Though keep in mind that though some stocks may do good volume thru the day, they may do tiny tiny volume at the open. Eg. HGG


----------



## Gringotts Bank (22 December 2011)

....But they do have pre- and after market trading, whereas we don't.


----------



## Wysiwyg (22 December 2011)

> In your system you should filter out all stocks that are too illiquid for the volume that you are trading – check the stock’s average daily volume to ensure the stock is liquid enough to trade.

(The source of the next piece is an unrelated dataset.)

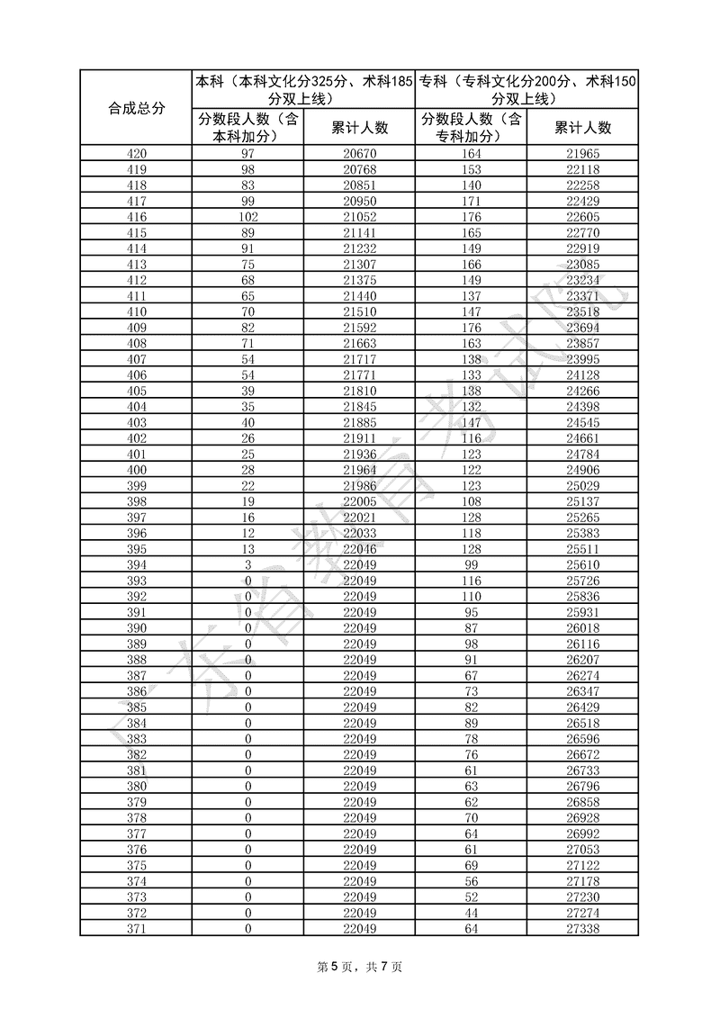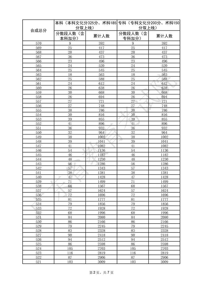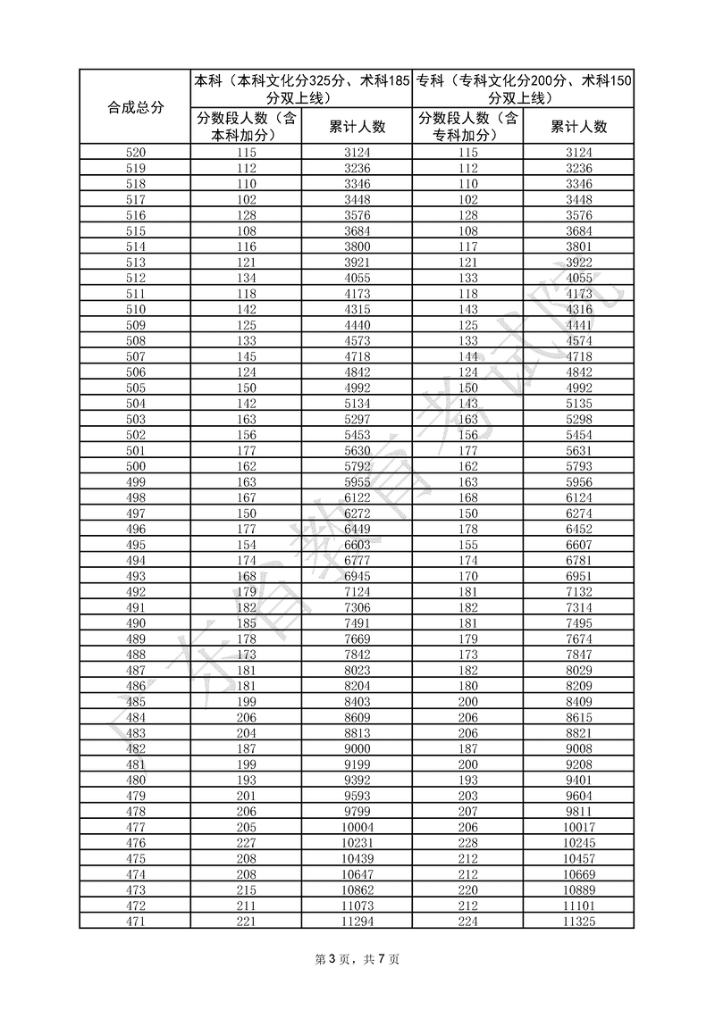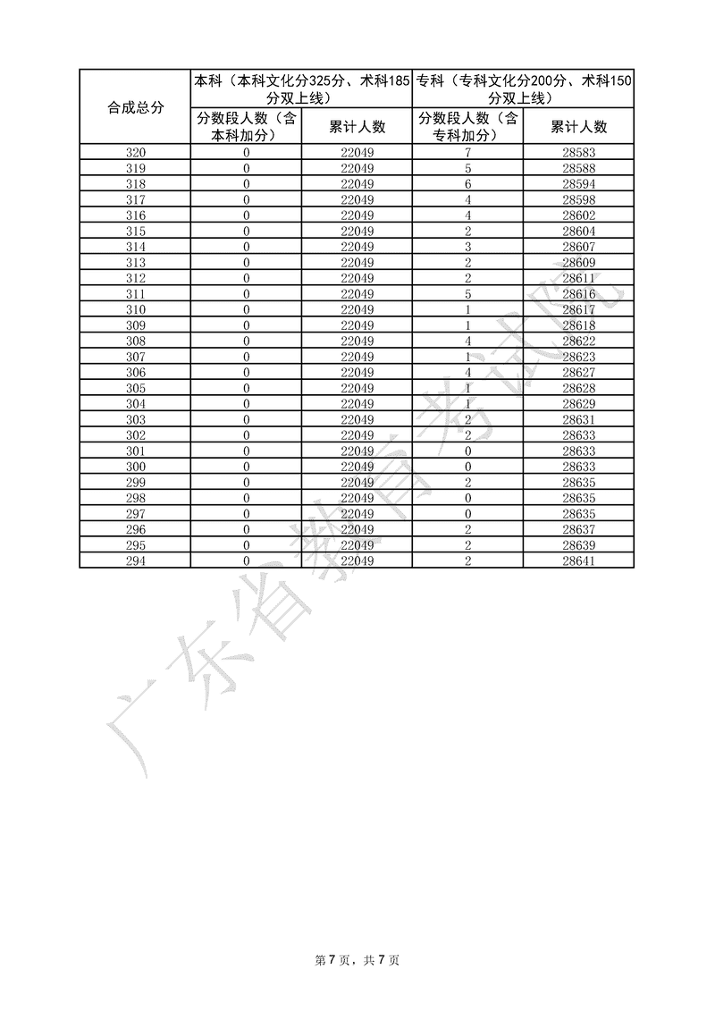 广东省2025年普通高考美术与设计类总分一分一段统计表(含本、专科层次加分)

 Raising the liquidity filter to accommodate the size you are trading is the only way to back test reasonably accurately this system. Otherwise you can take part in the open and close every time in real time which would give a test forward indication of efficiency.


----------



## Punta (22 December 2011)

Gringotts Bank said:


> I don't get this!
> 
> How can anyone not get filled at open?  You simply enter the auction ...




I am reluctant to enter the auction, because I don't want to influence it.  I guess it all depends on the volume - if it is large then your bid/offer will have no impact.  

But I obviously wasn't in the auction when a strategy was developed and backtested, so have been reluctant to enter during forward testing.  I am having difficulty getting filled though, so maybe I should join in.  This can't be tested with paper trading though, and testing with real numbers would make me sweat.


----------



## Gringotts Bank (22 December 2011)

I'd just enter the auction and then make an assumption that this will be equivalent to Open + n% for your backtests.

Alternatively, you could write a macro to capture the surplus volume just before open, in order to see whether you really are influencing price all that much.  Do that for a month or two and you will know what n% really is.


----------



## rx2 (28 February 2012)

skyQuake said:


> Though keep in mind that though some stocks may do good volume thru the day, they may do tiny tiny volume at the open. Eg. HGG




I have noticed this with a few stocks on the asx300, in particular closing auction volume is always significantly higher than opening auction. I don't know whether this observation applies just to the stocks I have been watching or whether it's a general pattern that closing is always higher than opening?


----------